Re: [DISCUSS] Proposal about integration test of arrow parquet reader

2019-10-12 Thread Andy Grove
I also think that there are valid use cases for checking in binary files,
but we have to be careful not to abuse this. For example, we might want to
check in a Parquet file created by a particular version of Apache Spark to
ensure that Arrow implementations can read it successfully (hypothetical
example).

It would also be good to have a small set of Parquet files using every
possible data type that all implementations can use in their tests.

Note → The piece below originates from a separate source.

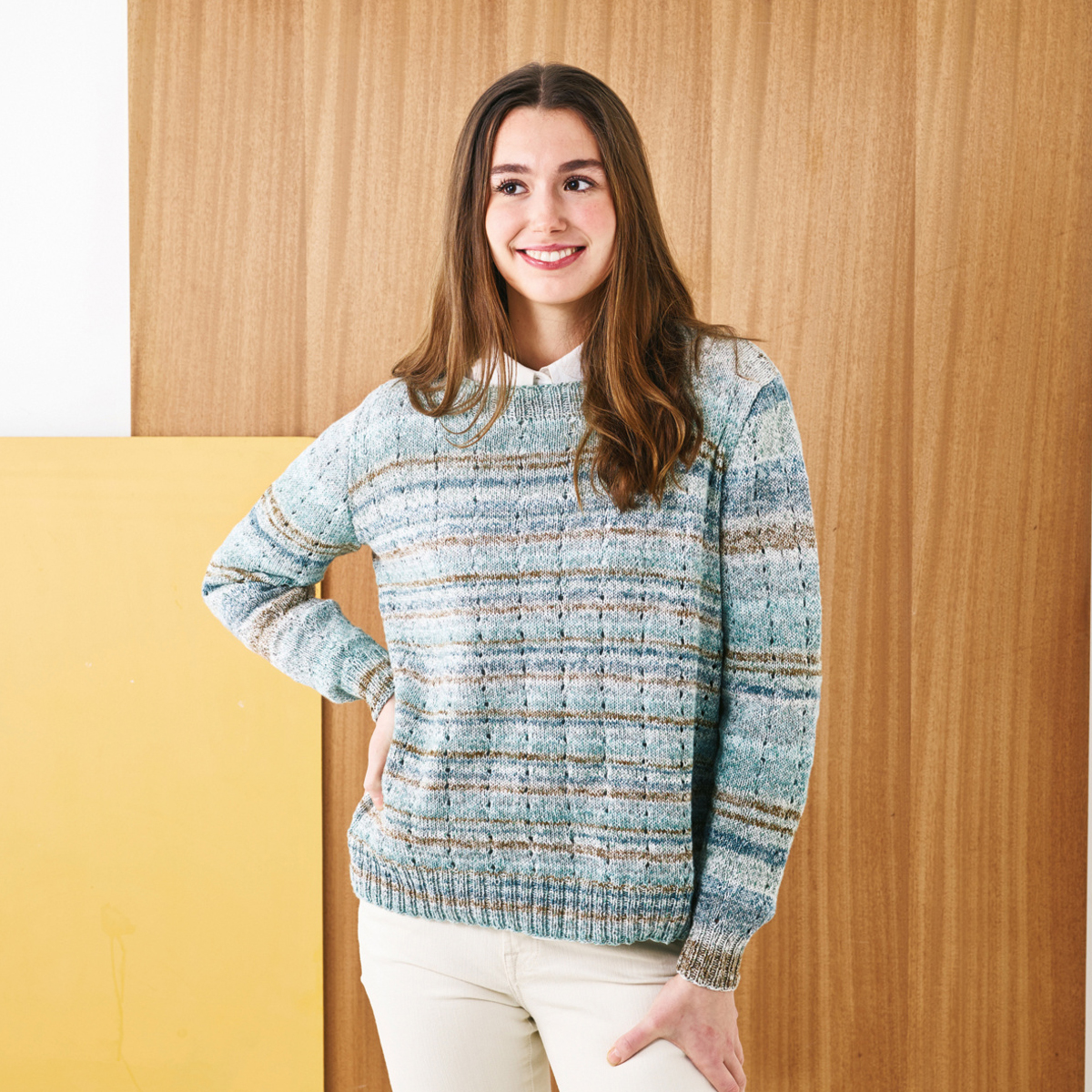 Damtröja med hålränder är ett stickmönster på en bomullströja i garnet Maja Color by Permin, ett bomullsgarn i mixade färger. Maja finns också som enfärgade nystan. Hela tröjan har diagonala ränder av hålmönster. Den här tröjan stickar man nerifrån och upp, runt på rundstickor ända upp till ärmhålet. Där delar man på arbetet så att man stickar varje framstycke och bakstycke för sig. Ärmarna stickar man för sig med en bekväm ärmkupa och syr sen fast dem. Kanter stickar man på efter att arbetet för övrigt är klart. Stickmönster finns i storlekar dam S – XL. Något rymlig passform.

I
suppose we might want one set per Arrow format version as well.

The problem we have now, in my opinion, is that we're proposing adding
files on a pretty ad-hoc basis, driven by the needs of individual
contributors in one language implementation, and this is perhaps happening
because we don't already have a good set of standard test files.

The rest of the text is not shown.